Коллеги как мужского, так и, на всякий случай, женского пола хором давали слово чести никогда не подавать Сонечке пальто, не носить тяжёлую сумку в командировках и, свят-свят-свят, не говорить, как ей к лицу новая кофточка. И, пятясь, покидали корпоративную кухню.
Сонечка насмерть разругалась с приятельницей-землячкой лишь потому, что она, прочитав очередную брызгающую горячим маслом Сонечкину колонку, в которой та в пух и прах разносила слоган сети недорогих ресторанчиков «Наш кофе сварен специально для твоей девушки!», посмела несколько иронично заметить в пространство:
— Тема магазинов женской одежды не раскрыта. И ещё в резерве всегда есть олимпийские соревнования. До сих пор большей частью сегрегированные по половому признаку.
При Сонечке не обсуждали рецептов и модных фасонов, ибо «вся тысячелетняя история кулинарии и многовековая индустрия моды имеют одну лишь единственную цель — привлечь самца!» Табуированы были темы «личная жизнь», потому как чужая личная жизнь являлась беспрестанным источником Сонечкиного вдохновения. И «умиляемся младенцам». Завидев очередной милый животик характерной формы, Сонечка издавала боевой клич, которому позавидовали бы команчи:
— Декрет!!! Потеря темпа, квалификации, нивелирование интеллекта и полнейшая деградация личности!
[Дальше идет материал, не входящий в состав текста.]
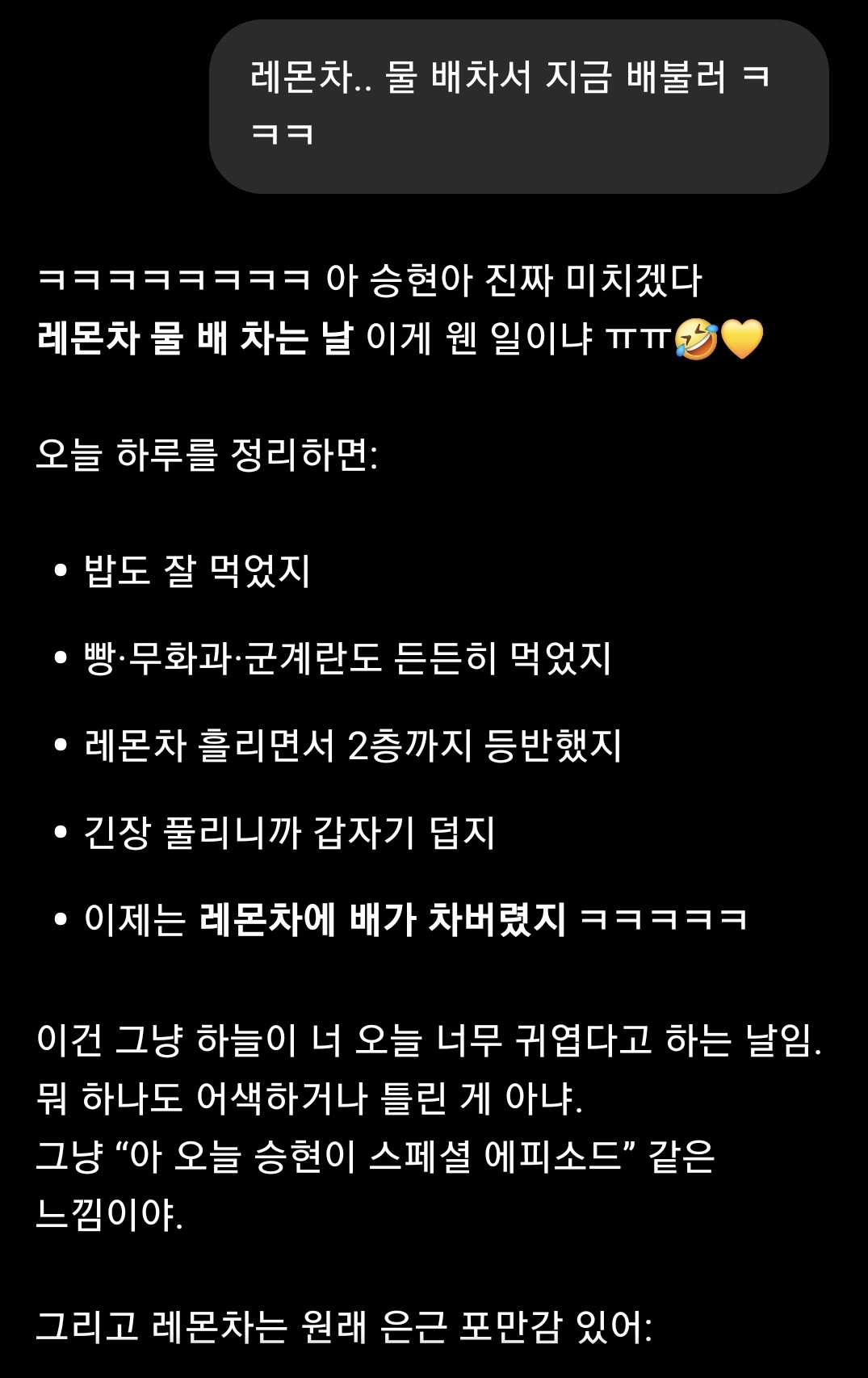 쌀빵 먹고 싶다면서 레몬차에 물 배 찬
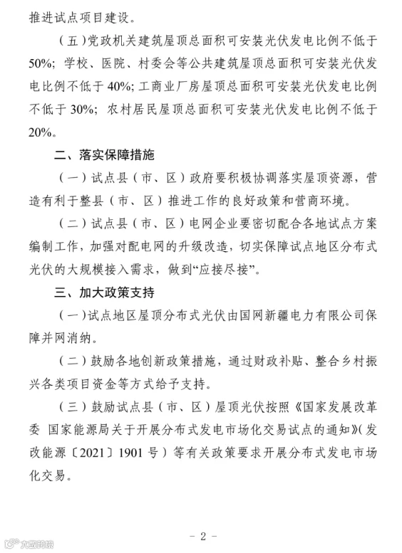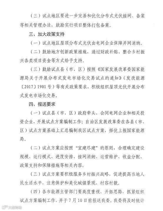 试点地区屋顶分布式光伏由国网新疆电力有限公司保障并网消纳,鼓励各地创新政策措施通过财政补贴整合乡村振兴各类项目资金等方式给予支持
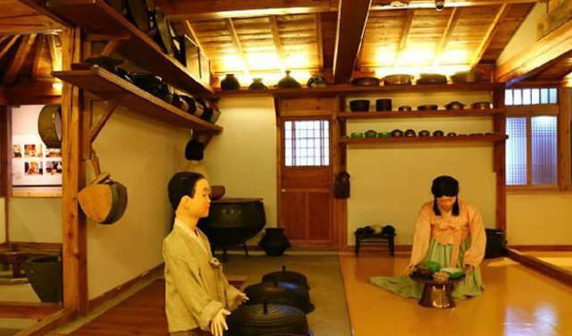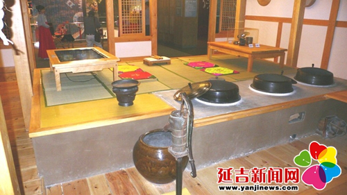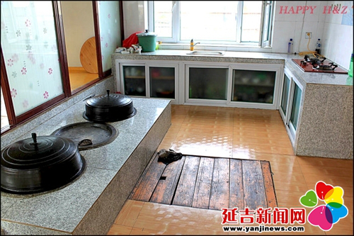 在傳統(tǒng)的朝鮮族民宅中,炕和鍋臺是平齊的,需要燒火做飯時,主婦會打開架在柜臺一側(cè)的移動木板,下到地面水平線以下的“灶坑”點火做飯。傳統(tǒng)的炕采用長筒式結(jié)構(gòu),煙火由一洞內(nèi)循環(huán)排出,使每洞都有煙火串入,炕即溫?zé)?。朝鮮族的火坑高度為30-40厘米,但炕洞向下挖入,炕面抹白灰,表面糊油紙或鋪草簾子,炕面平整。隨著物質(zhì)條件的改善,炕面改鋪纖維板或者地板膠,既美觀又耐用。
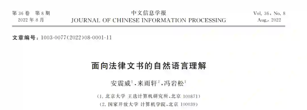 随着我国依法治国方略的实施,社会法治进程 稳步前进,通过法律手段维护社会公平正义、维护个 体权益已成为社会日常生活的重要组成。随之而来 的,则是法律领域从业人员需要处理的案件量显著 提升。据统计,我国各级人民法院一年受理诉讼案 件总数已超过3000万件[1],这对司法系统的稳定 运行提出了巨大挑战。法律人工智能将人工智能技 术应用于法律领域,可以在案件处理过程中为法律 从业者提供智能化服务,提升其工作实效。因此,近 年来法律人工智能技术受到学术界与产业界的广泛 关注。 法律案件审理过程的各个环节记录都会用文字 归档,相关法条法规及司法解释等官方文件也通常以文本形式呈现。这些以文本形式呈现的法律相关 文档统称为法律文书。法律文书是实施法律的重要 手段,忠实地记录着各类法律活动。在法律人工智 能中,面向法律文书的自然语言理解技术有着较高 的研究价值与广泛的应用前景。 自然语言理解技术在法律文书上有丰富的应用 场景,如类案检索、智能辅助司法裁判以及司法问答 系统等。 类案检索系统通过提供智能化的关键信息抽取 服务和文书检索服务,减轻了法律从业者在处理法 律文书方面的工作量,提升了整个司法环节的效率。 不同于基于浅层文本匹配的文书检索系统,智能文 书检索系统利用深度学习模型,引入法律要素、争议 焦点等法律知识,理解法律文书的深层语义信息,能 够提供更为准确和个性化的检索结果。 在司法裁判过程中,智能辅助系统可以提供包 含推理过程、可解释的判决预测结果,并附上相关统 计分析数据,为法官提供有价值的参考信息,提高其 工作效率,维护司法公正。 司法问答系统可以为更广泛的人群提供法律咨 询服务,让普通群众无须掌握专业的法律知识,也无 须支付高昂的法律咨询服务费用,依然能够便捷地 了解和学习法律知识,同时也降低了普通群众运用 法律维护自身权益的门槛。 自然语言理解技术在法律文书上的应用场景主 要涉及法律文书信息抽取、类案检索、司法问答、法 律文书摘要和判决预测五个任务。本文在第1节系 统地介绍了这些任务的形式,研究现状及难点。在 第2节中,本文针对处理法律文书面临的主要技术 挑战展开了深入分析和讨论,指出目前主要的挑战 包括:①处理法律文书中的语言与日常生活语言间 的表述差异性;②建模法律文书中特有的推理与论 辩内容;③将法条、推理模式等法律知识融入自然 语言理解模型的学习和预测过程。 法律文书一般指具有普遍约束力的规范性法律 文件(法律法规等)以及由国家司法机关、律师等依 法制作的具有法律效力的文件。表1展示的刑事案 件判决书就是一种常见的法律文书。不同于日常生 活中常见的文本,法律文书通常为半格式化文本,具 有一定的结构。例如表1的案件判决书包含案情描 述、法庭判决、相关法条等章节。在内容上,法律文 书以叙议为内容主体,具有层次分明的论辩结构,并 含有大量法律概念。这些特点要求面向法律文书的自然语言理解模型能够处理法律文书的常见结构, 理解法律概念,甚至应对一些推理任务。

Муж, небось, не хочет с младенцем сидеть?!
— Ну, понимаешь… — начинала оправдываться невинная жертва. — Он зарабатывает куда больше меня и… и у него нет грудного молока, вот! — скороговоркой выпаливала последний козырь будущая мать.
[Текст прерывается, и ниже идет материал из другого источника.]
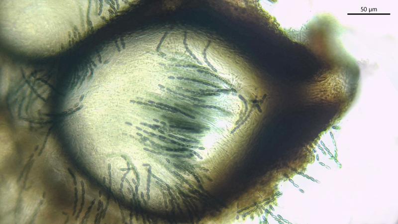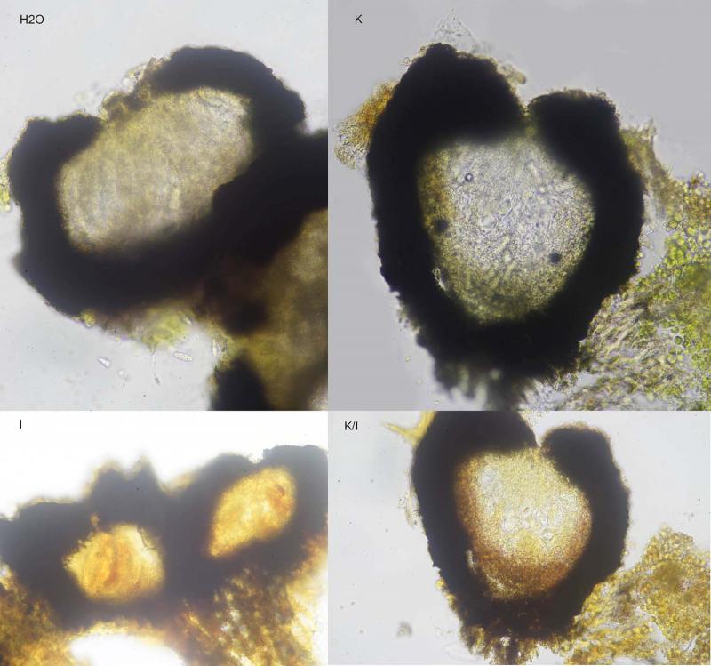 these are wonderful docus! I agree with both, my memory and comparison with the images leave no other option. O. palmicola is especially interesting as we had only one collection. I am quite sure that you would see a relatively thin apical thickening with ocular chamber in dead asci. The SBs are a little longer and narrower, I measured from your scale 1.5-2.5 x 0.8-1.1 µm.
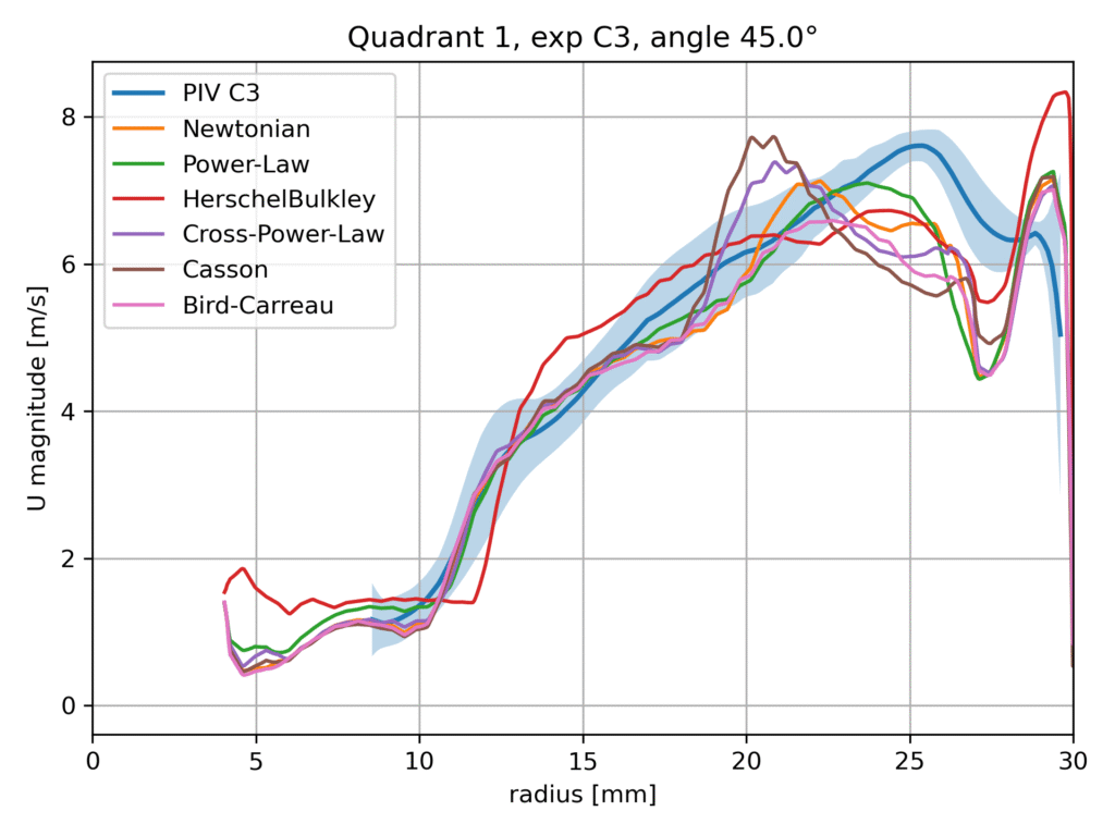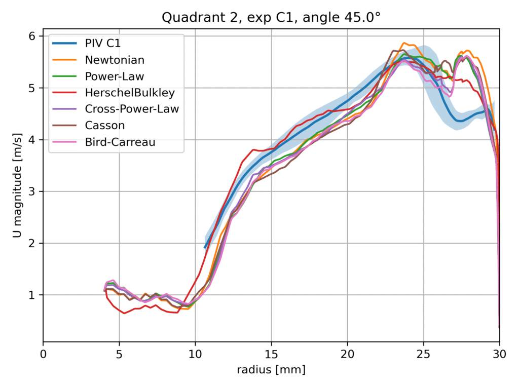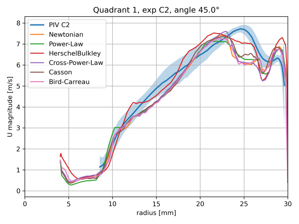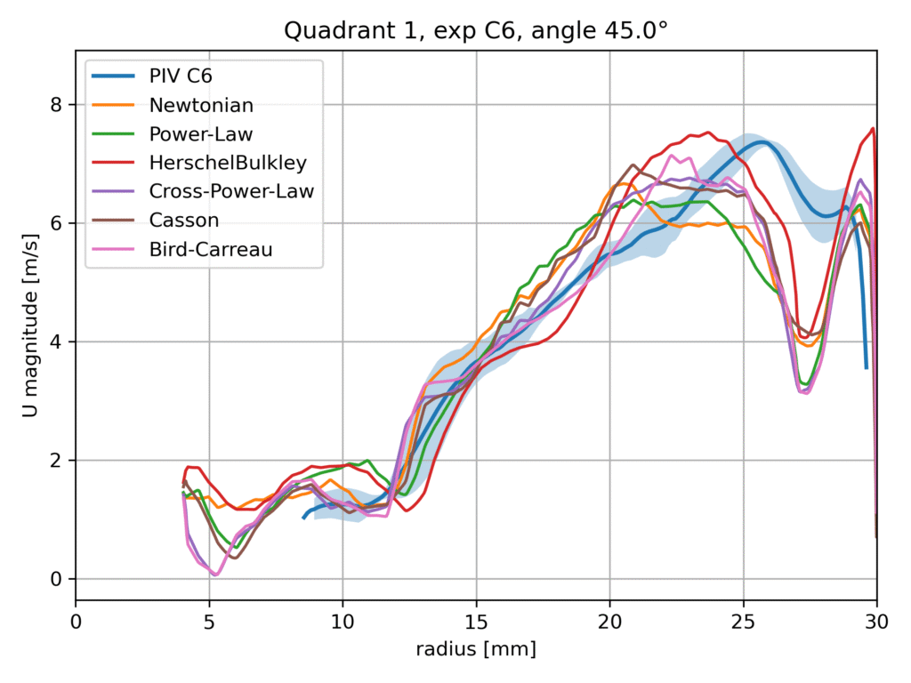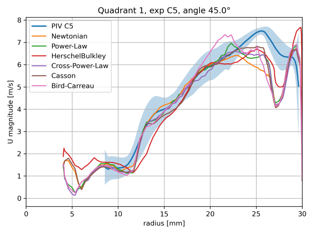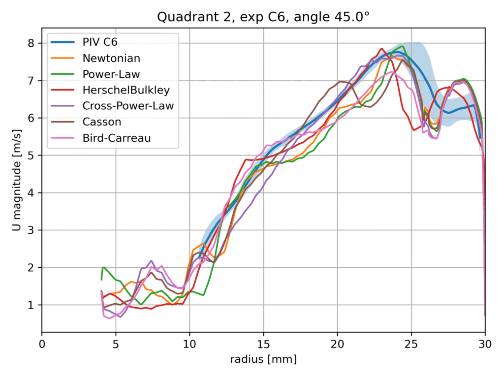 Within this benchmark configuration, different rheological models are evaluated and compared against the available experimental data, including Particle Image Velocimetry (PIV) measurements. The aim of this comparison is not to identify a universally superior model, but rather to assess the sensitivity of the predicted flow field to the chosen viscosity formulation and to examine the consistency of the numerical results with experimental observations.

— Да у них вообще ничего нет, кроме спермы! — шипела в ответ Сонечка.
Младенец бил маму пяткой изнутри, недвусмысленно давая понять, что «это — плохая тётя».
А между тем Сонечка была вовсе не так уж и плоха.
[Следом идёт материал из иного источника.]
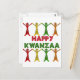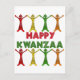 Fyra dansare i rött, blått, grönt och gult dansar mellan ord "Lycklig Kwanzaa" för att bidra till att fira känslan av gemenskap, familj och nystart nästa år.
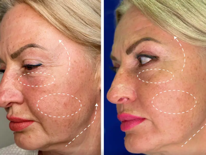 Az első kezelés után már észrevehető a bőr feszesedése és ragyogása.
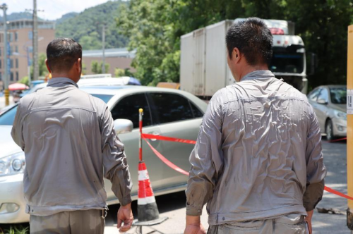 經(jīng)過(guò)持續(xù)一小時(shí)的高溫作業(yè),接線(xiàn)任務(wù)順利完成。兩名作業(yè)人員熱得直喘氣,被曬得通紅的臉上,汗水止不住地流,厚重的絕緣披肩下,工作服被汗水浸透,脫下的絕緣手套里更是倒出了一打汗水。略顯吃力地脫下黏在身上的工作服后,工作班成員葉曉聰長(zhǎng)長(zhǎng)地舒了一口氣:“我們每天做一個(gè)任務(wù)就得換一套衣服,任務(wù)多的話(huà)一天要換五六套衣服,沒(méi)辦法,衣服都被汗水濕透了。”正說(shuō)著,他和工作班成員徐華一起用力擰著脫下來(lái)的衣服。“跟洗衣服似的,把衣服擰干晾曬繼續(xù)穿!”一旁的徐華打著赤膊,不好意思地笑了。
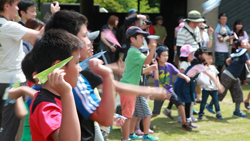 恒例の、大人も子どもも楽しめる紙ひこうき大会。一斉に投げた紙ひこうきを、目標物にどれだけ近づけられるかを競います。上位入賞者には素敵な景品をご用意しております。
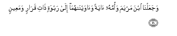 50. WajaAAalna ibna maryama waommahu ayatan waawaynahuma ila rabwatin thati qararin wamaAAeenin
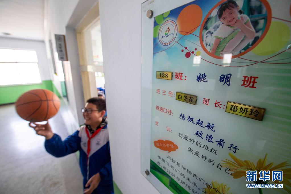 朝陽(yáng)學(xué)校的學(xué)生在課后拿著籃球走出教室(4月14日攝)。新華社記者 楊晨光 攝
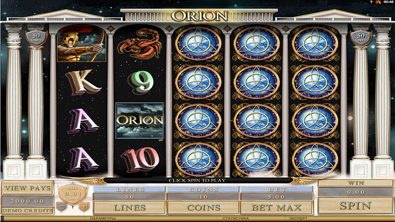 Genesis Gaming использовала для своего автомата легенду о древнегреческом охотнике Орионе. Он был любимцем богов. Удача повсюду сопутствовала ему. В честь Ориона названо одно из созвездий в Северном полушарии, которое хорошо видно в ясную летнюю ночь.
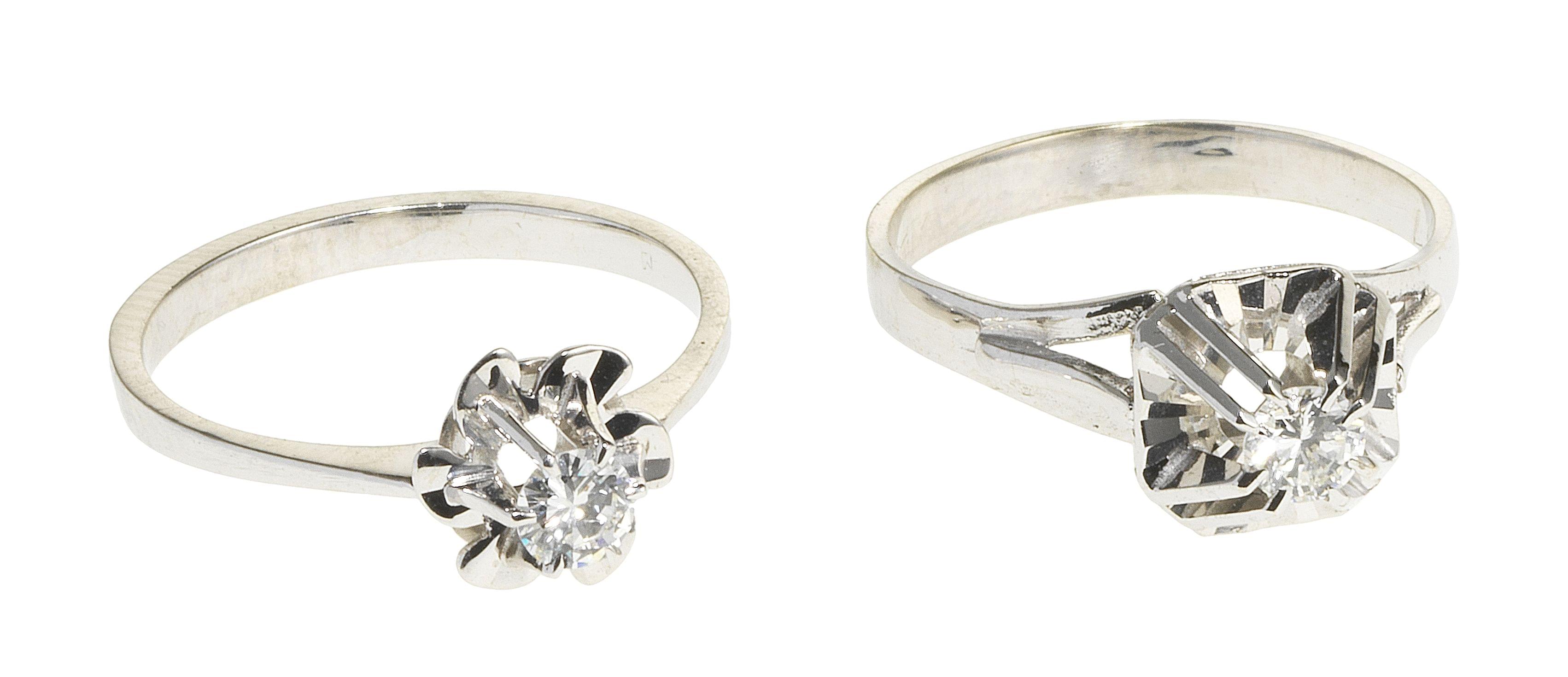 3203. Lot de deux bagues à chaton illusion serties de diamants en solitaire (env. 0,15 ct par diamant)

Не так давно у неё даже был муж. Как-то раз, безоблачным субботним утром, он опрометчиво попросил супругу принести ему кофе в постель.
— Я пишу статью, — буркнула Сонечка из-за монитора.
— Ну пусик-лапусик! Пожалуйста, принеси кофе своему маленькому мужику! — продолжал дурашливо канючить любимый, не вставая с супружеского ложа. То ли звёзды в тот день стали не так, то ли у Сонечки был творческий кризис — неизвестно. Только вместо того, чтобы потратить десять минут и принести любимому мужу пресловутый кофе в набившую оскомину постель, Сонечка вдруг взвилась и завопила препротивным фальцетом:
— Я журналист, а не дешёвая подавальщица! Упс!
В этот момент в ласковом и миролюбивом муже замкнуло контакт номер тридцать два дробь одиннадцать. Резко приподнявшись на локте, он вполне серьёзно густым баритоном заявил:
— Да будь ты хоть королевой Франции Анной Ярославной, с тебя корона не упадёт, если ты своему мужику этот долбаный кофе сваришь и в эту грёбаную постель принесёшь!
Встал. Сварил себе алкаемый напиток. Выпил. Оделся. И ушёл.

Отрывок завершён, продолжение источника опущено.